- [Prompt] Your answer must be the exact lines of the listing below that run from the line with "شعبان استخوانی رفت" to the line with "Igreja de Santa Maria da Caridade", ends included, and no pictures.

- [Material for this exercise]

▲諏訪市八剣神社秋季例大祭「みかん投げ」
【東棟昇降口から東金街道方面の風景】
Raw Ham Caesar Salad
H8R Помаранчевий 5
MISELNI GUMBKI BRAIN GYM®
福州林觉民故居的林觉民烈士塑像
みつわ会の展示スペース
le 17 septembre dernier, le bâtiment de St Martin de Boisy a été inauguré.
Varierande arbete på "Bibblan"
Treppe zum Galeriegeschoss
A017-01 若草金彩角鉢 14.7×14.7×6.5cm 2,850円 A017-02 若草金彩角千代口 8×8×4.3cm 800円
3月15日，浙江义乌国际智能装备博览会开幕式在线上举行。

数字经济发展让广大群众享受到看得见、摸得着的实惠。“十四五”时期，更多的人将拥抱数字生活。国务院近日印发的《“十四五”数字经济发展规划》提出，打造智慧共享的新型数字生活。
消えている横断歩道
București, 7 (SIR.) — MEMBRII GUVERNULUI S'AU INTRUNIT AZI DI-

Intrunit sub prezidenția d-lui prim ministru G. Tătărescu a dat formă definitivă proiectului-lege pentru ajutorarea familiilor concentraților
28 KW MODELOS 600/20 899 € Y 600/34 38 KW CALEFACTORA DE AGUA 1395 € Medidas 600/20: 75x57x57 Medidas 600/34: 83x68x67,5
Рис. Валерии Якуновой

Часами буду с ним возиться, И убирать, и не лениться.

* * *

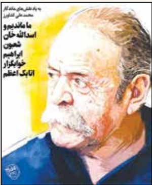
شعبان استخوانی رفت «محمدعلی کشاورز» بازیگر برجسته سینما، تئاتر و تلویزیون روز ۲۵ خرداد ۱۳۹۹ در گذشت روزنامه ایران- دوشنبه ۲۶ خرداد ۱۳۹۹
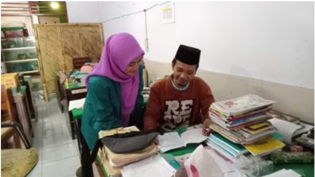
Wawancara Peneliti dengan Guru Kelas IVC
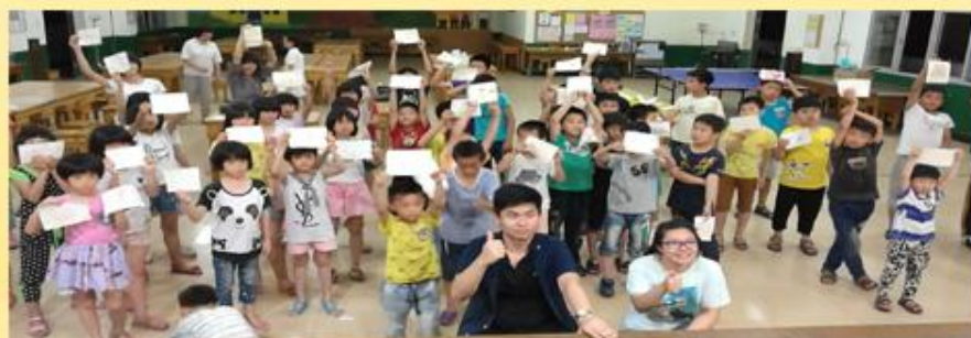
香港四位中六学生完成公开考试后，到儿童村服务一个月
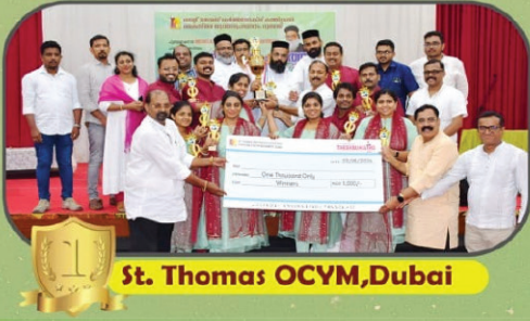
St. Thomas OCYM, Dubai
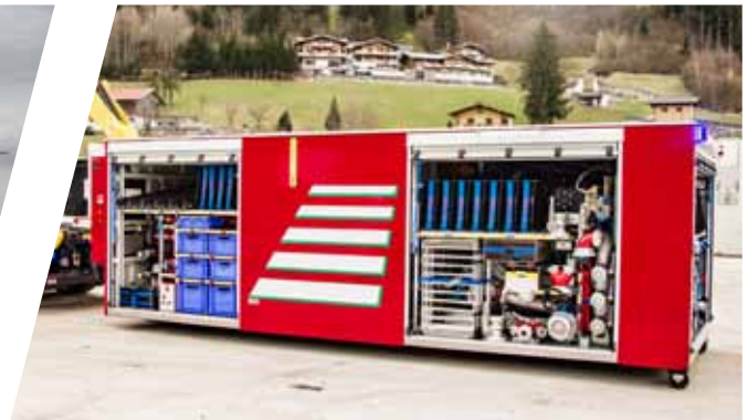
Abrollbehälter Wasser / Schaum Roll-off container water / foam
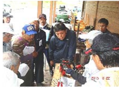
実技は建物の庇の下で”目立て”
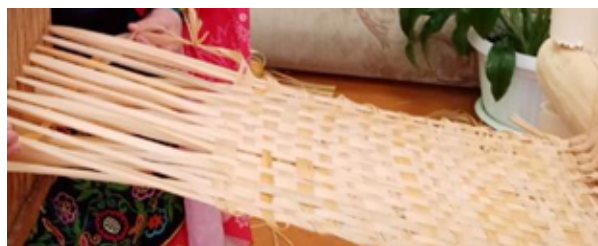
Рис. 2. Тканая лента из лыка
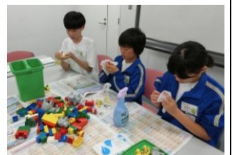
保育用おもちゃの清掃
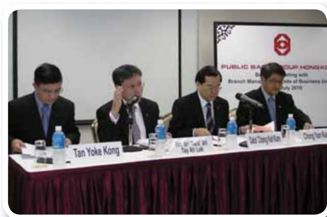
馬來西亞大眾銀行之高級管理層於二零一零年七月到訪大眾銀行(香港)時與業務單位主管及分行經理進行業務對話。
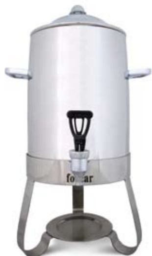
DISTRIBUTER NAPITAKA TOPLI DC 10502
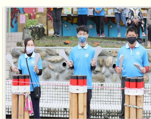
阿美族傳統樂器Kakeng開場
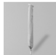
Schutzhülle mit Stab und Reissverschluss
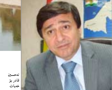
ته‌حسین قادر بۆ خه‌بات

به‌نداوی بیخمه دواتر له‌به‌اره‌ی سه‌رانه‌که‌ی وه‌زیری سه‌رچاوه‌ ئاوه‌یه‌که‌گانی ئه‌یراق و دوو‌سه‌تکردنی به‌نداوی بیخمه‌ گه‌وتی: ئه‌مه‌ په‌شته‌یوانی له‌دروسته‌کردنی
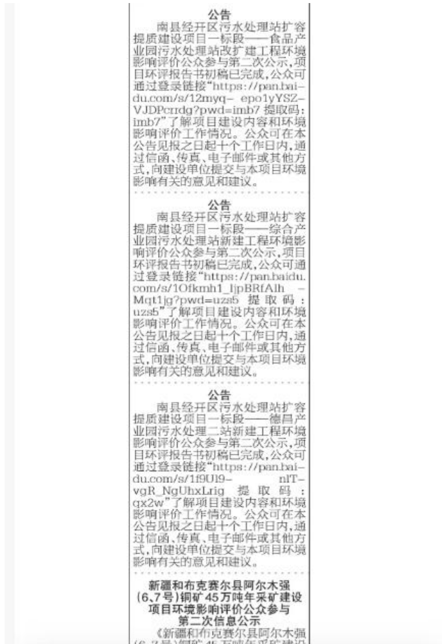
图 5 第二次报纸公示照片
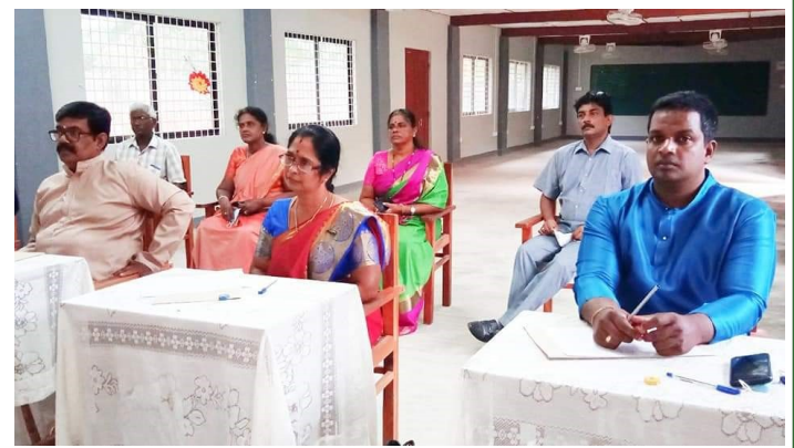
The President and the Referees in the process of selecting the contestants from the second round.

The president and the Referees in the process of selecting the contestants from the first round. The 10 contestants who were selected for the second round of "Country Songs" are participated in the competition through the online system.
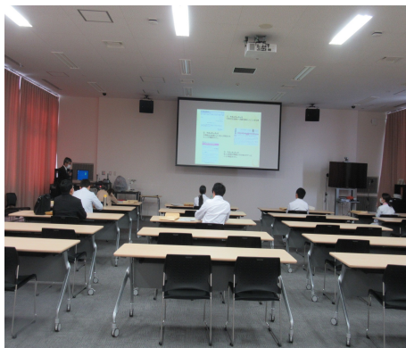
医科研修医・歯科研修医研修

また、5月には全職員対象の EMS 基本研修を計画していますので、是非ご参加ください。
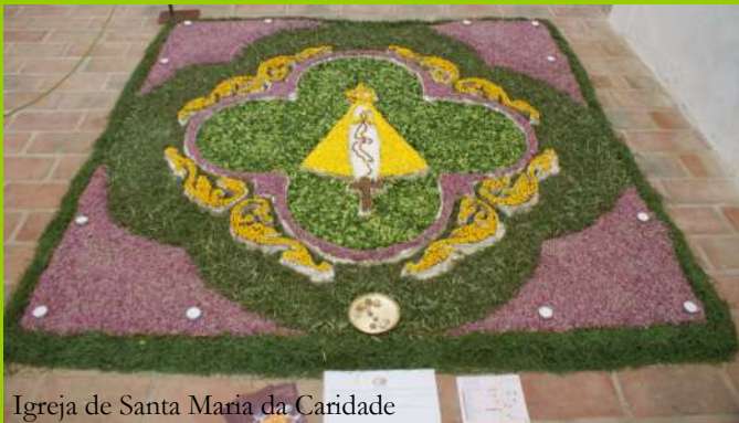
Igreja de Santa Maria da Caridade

- [Output of the exercise]
شعبان استخوانی رفت «محمدعلی کشاورز» بازیگر برجسته سینما، تئاتر و تلویزیون روز ۲۵ خرداد ۱۳۹۹ در گذشت روزنامه ایران- دوشنبه ۲۶ خرداد ۱۳۹۹
Wawancara Peneliti dengan Guru Kelas IVC
香港四位中六学生完成公开考试后，到儿童村服务一个月
St. Thomas OCYM, Dubai
Abrollbehälter Wasser / Schaum Roll-off container water / foam
実技は建物の庇の下で”目立て”
Рис. 2. Тканая лента из лыка
保育用おもちゃの清掃
馬來西亞大眾銀行之高級管理層於二零一零年七月到訪大眾銀行(香港)時與業務單位主管及分行經理進行業務對話。
DISTRIBUTER NAPITAKA TOPLI DC 10502
阿美族傳統樂器Kakeng開場
Schutzhülle mit Stab und Reissverschluss
ته‌حسین قادر بۆ خه‌بات

به‌نداوی بیخمه دواتر له‌به‌اره‌ی سه‌رانه‌که‌ی وه‌زیری سه‌رچاوه‌ ئاوه‌یه‌که‌گانی ئه‌یراق و دوو‌سه‌تکردنی به‌نداوی بیخمه‌ گه‌وتی: ئه‌مه‌ په‌شته‌یوانی له‌دروسته‌کردنی
图 5 第二次报纸公示照片
The President and the Referees in the process of selecting the contestants from the second round.

The president and the Referees in the process of selecting the contestants from the first round. The 10 contestants who were selected for the second round of "Country Songs" are participated in the competition through the online system.
医科研修医・歯科研修医研修

また、5月には全職員対象の EMS 基本研修を計画していますので、是非ご参加ください。
Igreja de Santa Maria da Caridade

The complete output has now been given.